Todo esto debe cesar naturalmente, porque estas cosas no tienen significado
alguno para «lo otro». ‘Ello’ advino
inundándolo a uno con su inmensurable caudal. Este amor no tenía centro ni
periferia y era tan completo, tan invulnerable que no había en él imagen alguna
y, por lo tanto, era por siempre indestructible.
Nosotros
siempre miramos desde afuera hacia adentro; desde el conocimiento proseguimos
hacia ulteriores conocimientos, siempre sumando, y el mismo restar es otro modo
de sumar. Y nuestra conciencia está formada por miles de recuerdos y
reconocimientos; somos conscientes de la hoja que tiembla, de la flor, de ese
hombre que pasa, del niño que cruza corriendo por el campo; conscientes de la
rosa, del torrente, de la brillante flor roja y del mal olor que proviene de un
chiquero. Desde este recordar y reconocer, a partir de las respuestas externas
tratamos de tornarnos conscientes con respecto a las interioridades ocultas, a
los impulsos y motivos más hondos; exploramos más y más adentro en las vastas
profundidades de la mente. Todo este proceso de retos y respuestas, todo este
movimiento del experimentar y reconocer las actividades ocultas y las
manifestadas, todo esto es la conciencia atada al tiempo. La copa no es
solamente la forma, el color, el diseño, sino que es también ese vacío que hay
dentro de la copa. La copa es el vacío retenido dentro de una forma; sin ese
vacío no habría copa ni forma. Nosotros conocemos la conciencia por los signos
externos, por sus limitaciones de altura y profundidad, de pensamiento y sentimiento.

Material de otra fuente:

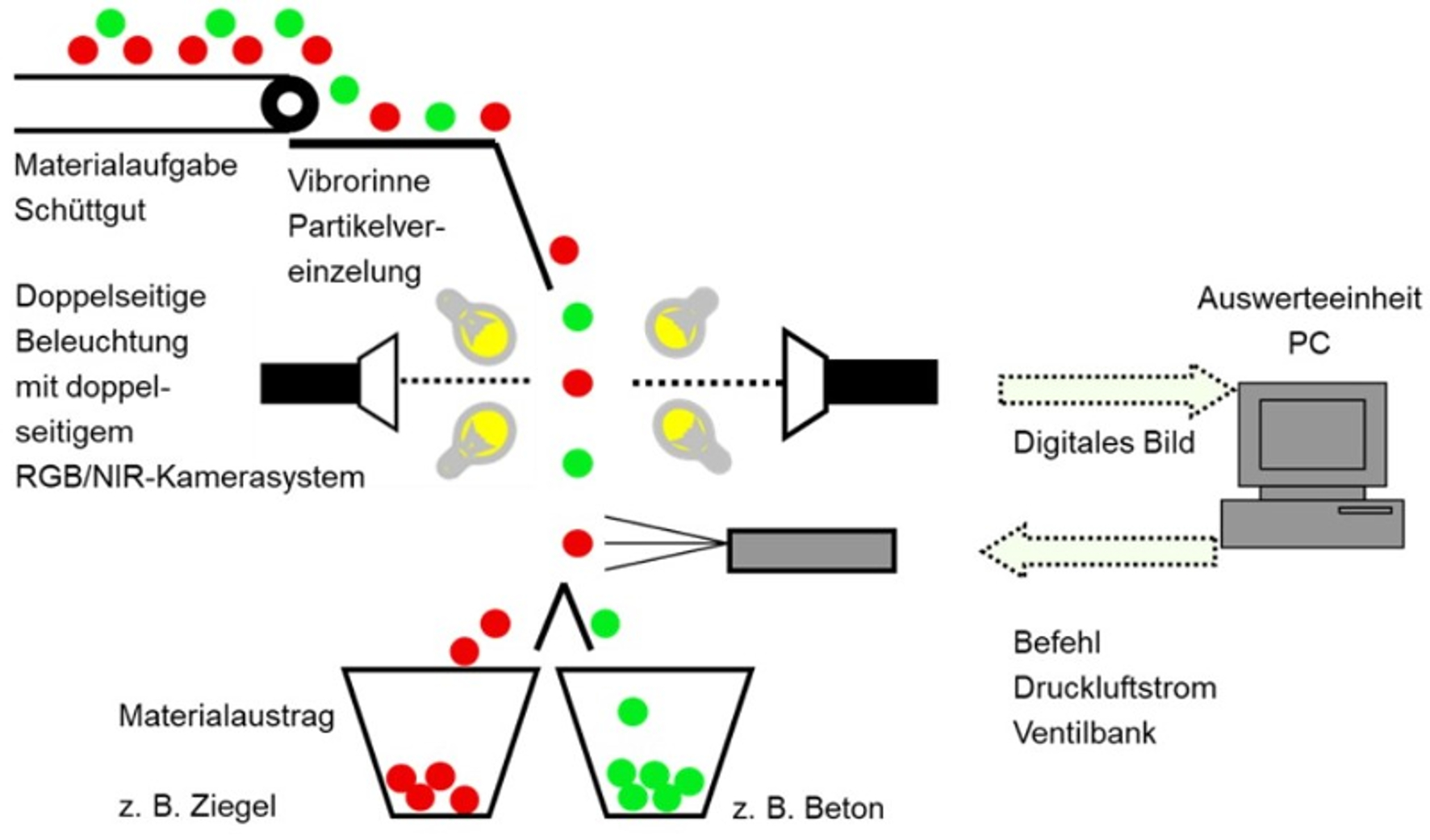 Mineralische Bauabfälle liegen häufig als Gemisch verschiedener Materialien vor. Um daraus hochwertige Sekundärrohstoffe zu gewinnen, müssen sie einen aktiven, in der Regel mehrstufigen Aufbereitungsprozess durchlaufen. Dabei hängt die Qualität der erzeugten Recycling-Baustoffe von den jeweiligen Ausgangsmaterialien sowie der eingesetzten Aufbereitungstechnologie ab. Zu den Grundoperationen der Bauabfall-Aufbereitung zählen das Zerkleinern, das Klassieren sowie das anschließende Sortieren. Dafür bedarf es innovativer Lösungen: In der Regel sind traditionelle Sortiertechniken darauf ausgerichtet, Metalle und Leichtstoffe aus den Baureststoffen zu entfernen. Doch für bestimmte Anwendungen ist auch die Trennung unterschiedlicher mineralischer Bestandteile erforderlich. Hierzu wurden im Rahmen von Forschungsvorhaben vor allem Baustoffgemische mit einem sensorgestützten Freifallsortierverfahren voneinander separiert. Dies erfolgte in der Aufbereitungsstrecke im Recyclingtechnikum des Institutes für Angewandte Bauforschung (IAB, Weimar). Hierbei wurden die Materialien zu Beginn in ihre Partikel zersetzt und anschließend auf einem Fallweg sortiert. Dieses Verfahren kam bei den Versuchen von KLB ebenfalls zum Einsatz, um seine technische Eignung zu testen.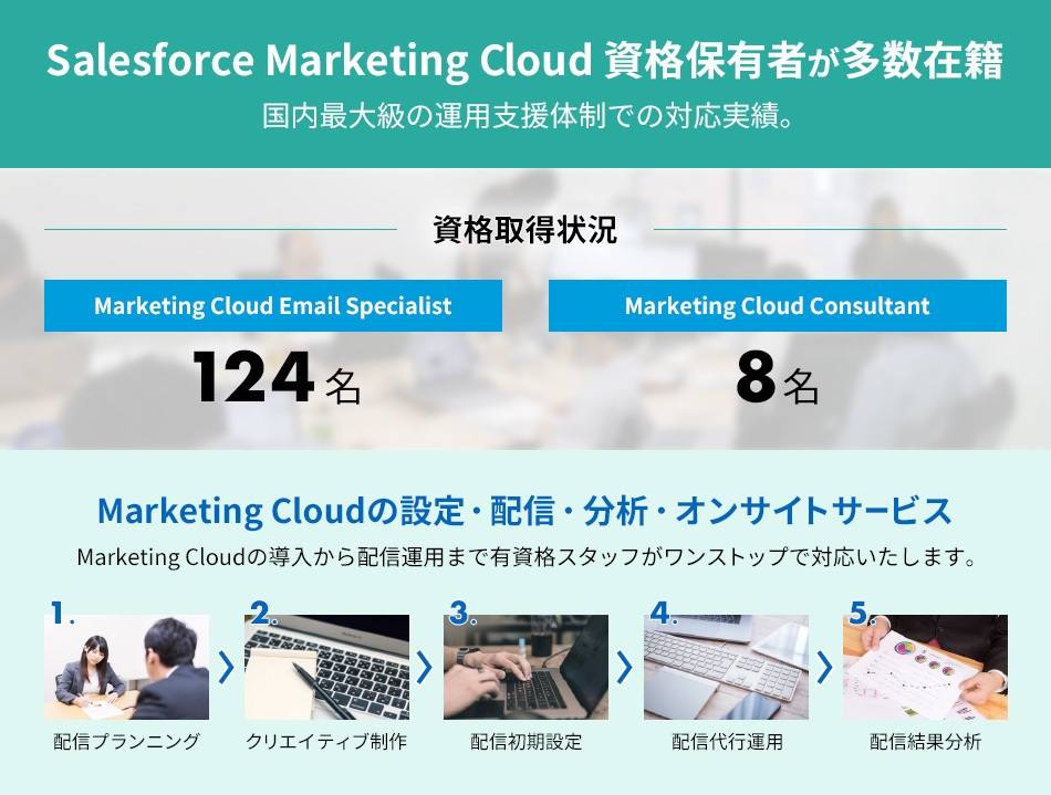トランスコスモスの1to1マーケティングは、マルチプラットフォームでの施策運用を支援いたします。「Salesforce Marketing Cloud」でユーザー情報や購買情報、アクティビティ情報を管理し、メール、LINE、SMS、Webサイトなど多様なチャネルを使用し、一人ひとりのユーザーにあったサービス提供をMA化して運用できます。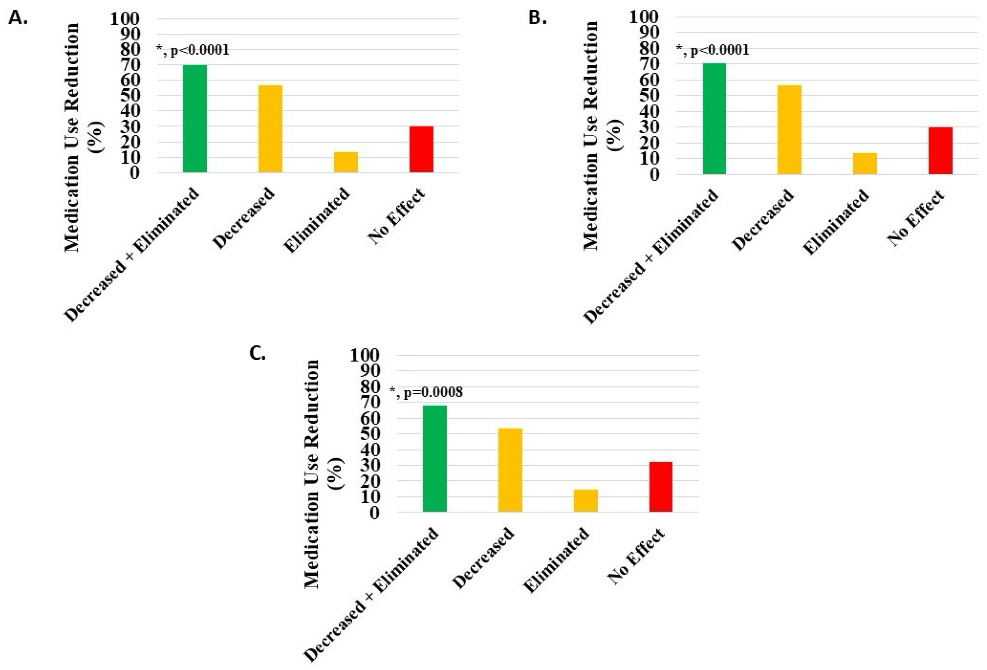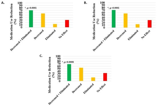 Decrease or elimination in use of pain medications post-treatment with H-Wave® device stimulation for (A) all knee disorders, (B) knee injury, and (C) knee degeneration. Decreased + eliminated versus no effect was statistically significant for all groups (*, p < 0.0001, p < 0.0001, and p = 0.0008, respectively).

Pero todo esto es la forma exterior de la conciencia: por lo exterior tratamos
de encontrar lo interno.
¿Es
esto posible? Las teorías y especulaciones carecen de significación; de hecho,
impiden todo descubrimiento. Partiendo de lo exterior tratamos de encontrar lo
interno, desde lo conocido exploramos con la esperanza de encontrar lo
desconocido. ¿Es posible investigar desde lo interno hacia lo externo?
Conocemos el instrumento que investiga a partir de lo externo, pero ¿existe un
instrumento que, desde lo desconocido, pueda investigar en lo conocido?
¿Existe? ¿Y cómo podría existir? No puede. Si lo hubiera seria reconocible, y
si es reconocible está dentro del área de lo conocido.
Esa
extraña bendición llega cuando quiere, pero con cada visita hay, muy en lo
profundo, una transformación; ello jamás es lo mismo.
‘El
proceso’ continúa, a veces suave y a veces agudo.